## Instructions for the task
Here the job is to print all of the entries below verbatim and leave out any picture.

## Data section
######
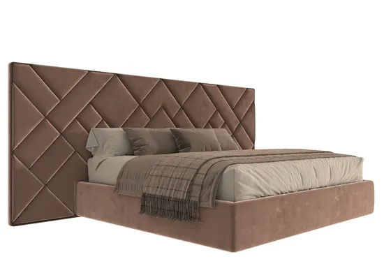 Дизайнерская кровать с широким изголовьем Кальвадос. Рисунок из геометрических фигур прекрасно подходит для разнообразных дизайнов, позволяя создавать идеальные интерьеры. Каждый элемент изготавливается отдельно, а затем, по принципу мозаики выкладывается общий рисунок изголовья. Изголовье кровати — центральный элемент спального места. Можно оформить его лаконично, без излишеств, а можно превратить в настоящее произведение искусства.
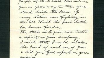 "Soldiers of the United States, the people of the British Isles welcome you on your way to take your stand beside the Armies of many Nations now fighting in the Old World the great battle for Human Freedom. The Allies will gain new heart & spirit in your company. I wish that I could shake the hand of each of you & bid you God speed on your mission.
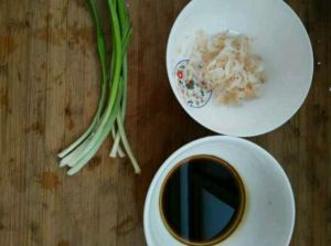 虾皮用开水烫过沥干水分,碗里放适量盐,味极鲜酱油,花椒油,香油搅匀做成调料汁,香葱备好
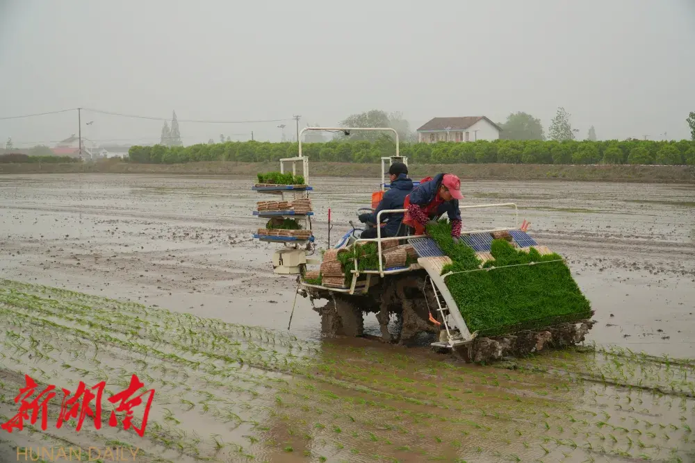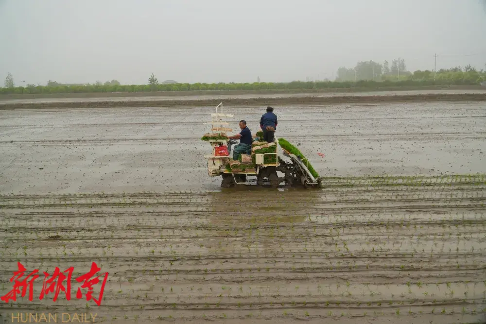 常德西洞庭区隆湘隆机水稻种植专业合作社主任 魏亮辉:我们自己有1300亩,跟农户服务有1800亩,目前有插秧机11台,平均每台插秧机每天作业35亩到40亩,从4月11日开始早稻插秧,预计4月25号之前完成早稻插秧。
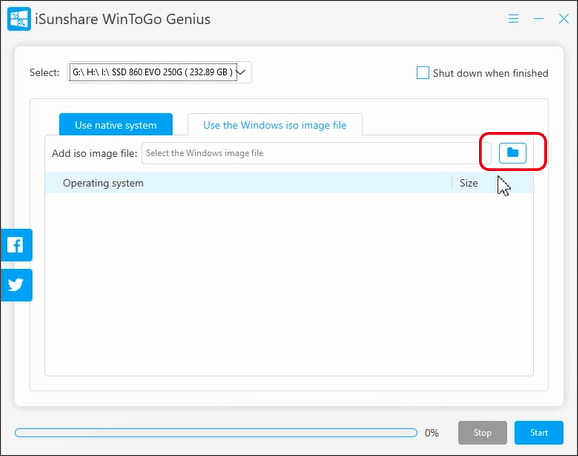 Βήμα 3:Ανοίξτε το iSunshare WinToGo Genius και, στη συνέχεια, επιλέξτε τη μονάδα USB για να προχωρήσετε. Στη συνέχεια, μπορείτε να κάνετε κλικ στην επιλογή Χρήση του αρχείου εικόνας iso των Windows.
######
## Result
 Дизайнерская кровать с широким изголовьем Кальвадос. Рисунок из геометрических фигур прекрасно подходит для разнообразных дизайнов, позволяя создавать идеальные интерьеры. Каждый элемент изготавливается отдельно, а затем, по принципу мозаики выкладывается общий рисунок изголовья. Изголовье кровати — центральный элемент спального места. Можно оформить его лаконично, без излишеств, а можно превратить в настоящее произведение искусства.
 "Soldiers of the United States, the people of the British Isles welcome you on your way to take your stand beside the Armies of many Nations now fighting in the Old World the great battle for Human Freedom. The Allies will gain new heart & spirit in your company. I wish that I could shake the hand of each of you & bid you God speed on your mission.
 虾皮用开水烫过沥干水分,碗里放适量盐,味极鲜酱油,花椒油,香油搅匀做成调料汁,香葱备好
 常德西洞庭区隆湘隆机水稻种植专业合作社主任 魏亮辉:我们自己有1300亩,跟农户服务有1800亩,目前有插秧机11台,平均每台插秧机每天作业35亩到40亩,从4月11日开始早稻插秧,预计4月25号之前完成早稻插秧。
 Βήμα 3:Ανοίξτε το iSunshare WinToGo Genius και, στη συνέχεια, επιλέξτε τη μονάδα USB για να προχωρήσετε. Στη συνέχεια, μπορείτε να κάνετε κλικ στην επιλογή Χρήση του αρχείου εικόνας iso των Windows.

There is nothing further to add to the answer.